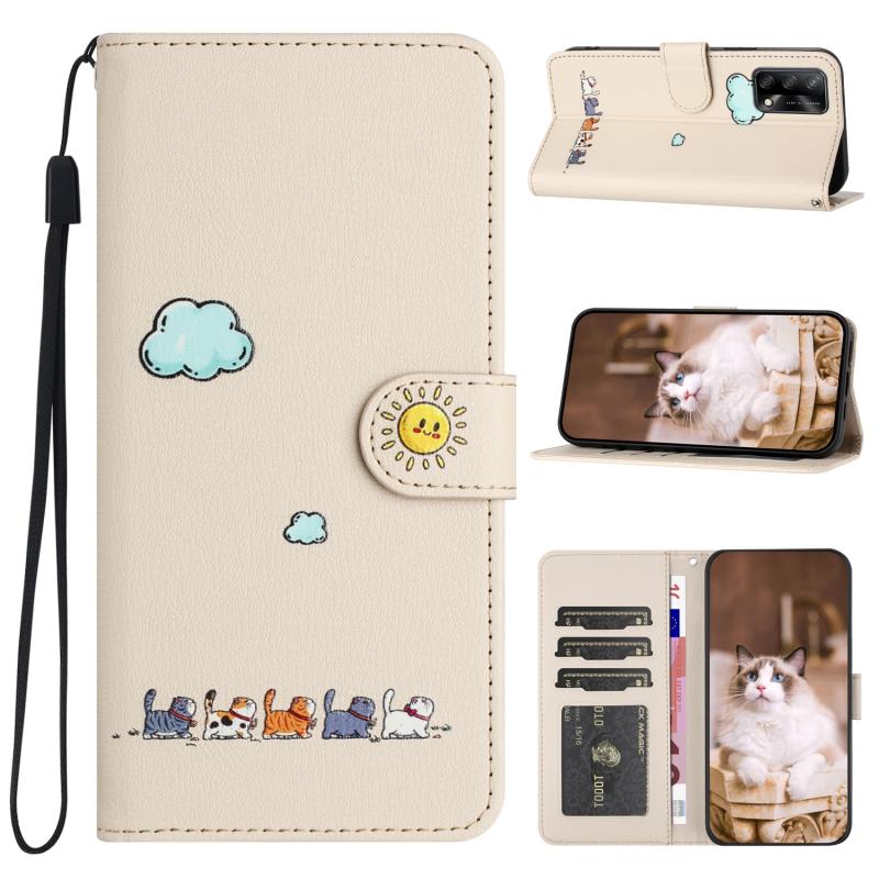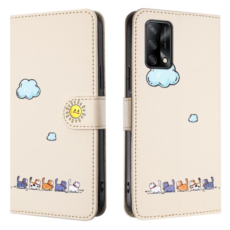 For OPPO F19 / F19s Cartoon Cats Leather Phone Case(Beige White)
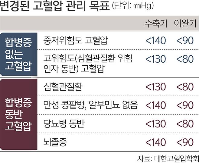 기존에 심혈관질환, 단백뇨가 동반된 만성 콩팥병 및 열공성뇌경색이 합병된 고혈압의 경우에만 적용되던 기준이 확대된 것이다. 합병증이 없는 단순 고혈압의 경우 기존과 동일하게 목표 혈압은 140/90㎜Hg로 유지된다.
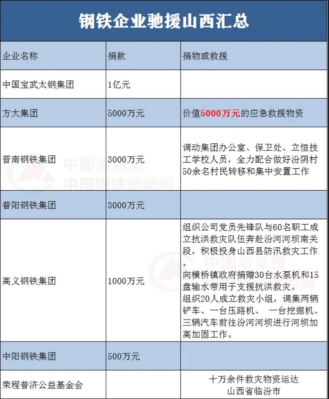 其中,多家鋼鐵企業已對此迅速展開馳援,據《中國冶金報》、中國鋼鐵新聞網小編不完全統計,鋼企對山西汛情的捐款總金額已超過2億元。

○ ○ ○ ○ ○ ○ ○

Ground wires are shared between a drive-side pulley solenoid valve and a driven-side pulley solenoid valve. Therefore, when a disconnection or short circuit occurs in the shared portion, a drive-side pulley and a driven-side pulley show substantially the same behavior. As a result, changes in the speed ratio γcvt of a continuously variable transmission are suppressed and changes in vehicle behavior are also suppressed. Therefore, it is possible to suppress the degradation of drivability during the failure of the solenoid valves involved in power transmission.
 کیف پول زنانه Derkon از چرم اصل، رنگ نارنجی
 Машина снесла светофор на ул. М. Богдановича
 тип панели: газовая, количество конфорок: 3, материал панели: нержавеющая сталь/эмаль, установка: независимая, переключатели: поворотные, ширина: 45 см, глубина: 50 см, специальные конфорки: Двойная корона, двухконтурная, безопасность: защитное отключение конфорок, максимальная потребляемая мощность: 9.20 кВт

○ ○ ○ ○ ○ ○ ○

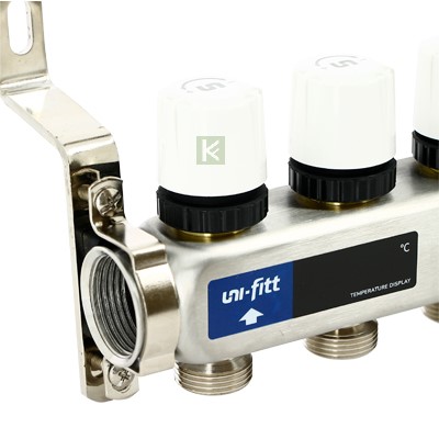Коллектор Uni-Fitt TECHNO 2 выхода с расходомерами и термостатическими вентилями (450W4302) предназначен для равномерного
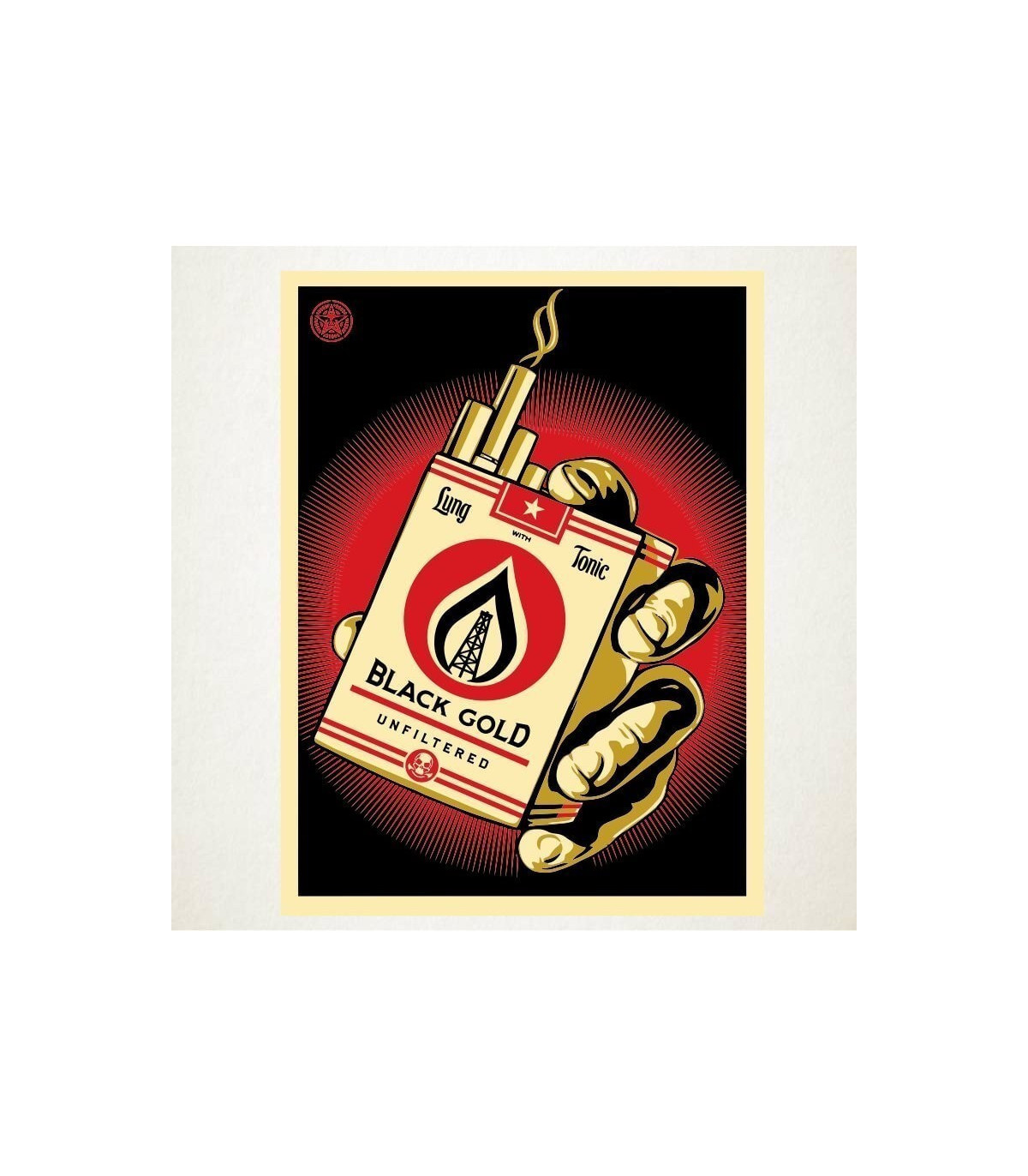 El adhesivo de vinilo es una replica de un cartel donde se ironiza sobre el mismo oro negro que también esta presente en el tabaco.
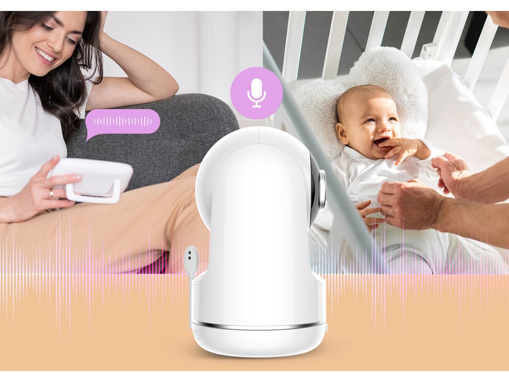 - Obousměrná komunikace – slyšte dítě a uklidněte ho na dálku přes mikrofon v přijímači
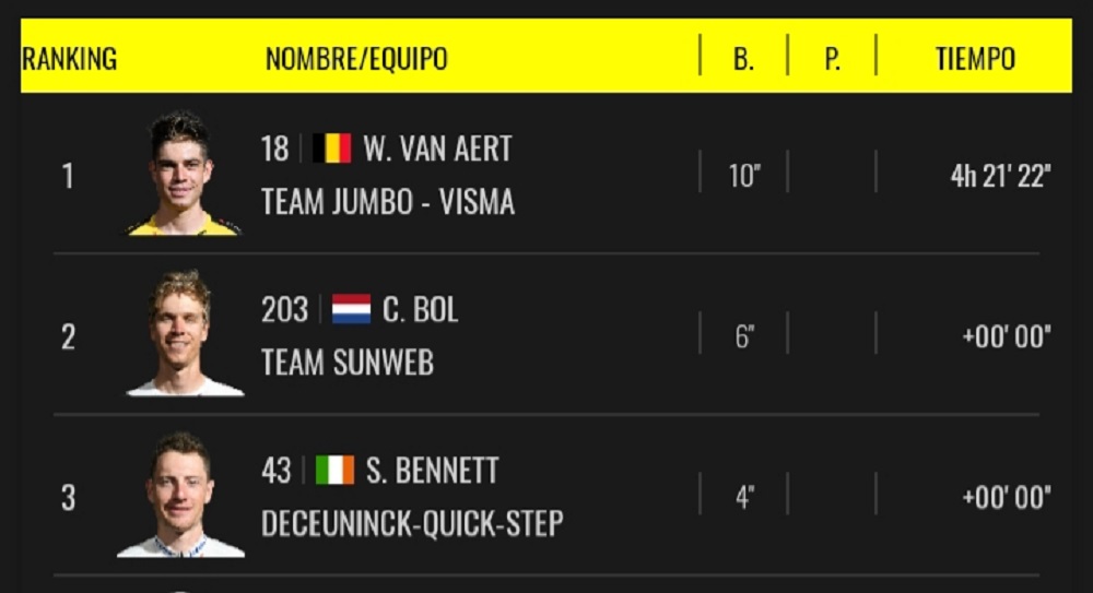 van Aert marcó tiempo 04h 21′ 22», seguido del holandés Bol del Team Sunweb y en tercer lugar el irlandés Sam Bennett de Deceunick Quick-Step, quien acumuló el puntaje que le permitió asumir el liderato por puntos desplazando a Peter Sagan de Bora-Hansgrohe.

○ ○ ○ ○ ○ ○ ○

All lines above from the one containing "For OPPO F19" up to and including the one containing "其中,多家鋼鐵企業已對此迅速" are to be set down exactly, and nothing else. Leave images out.

 For OPPO F19 / F19s Cartoon Cats Leather Phone Case(Beige White)
 기존에 심혈관질환, 단백뇨가 동반된 만성 콩팥병 및 열공성뇌경색이 합병된 고혈압의 경우에만 적용되던 기준이 확대된 것이다. 합병증이 없는 단순 고혈압의 경우 기존과 동일하게 목표 혈압은 140/90㎜Hg로 유지된다.
 其中,多家鋼鐵企業已對此迅速展開馳援,據《中國冶金報》、中國鋼鐵新聞網小編不完全統計,鋼企對山西汛情的捐款總金額已超過2億元。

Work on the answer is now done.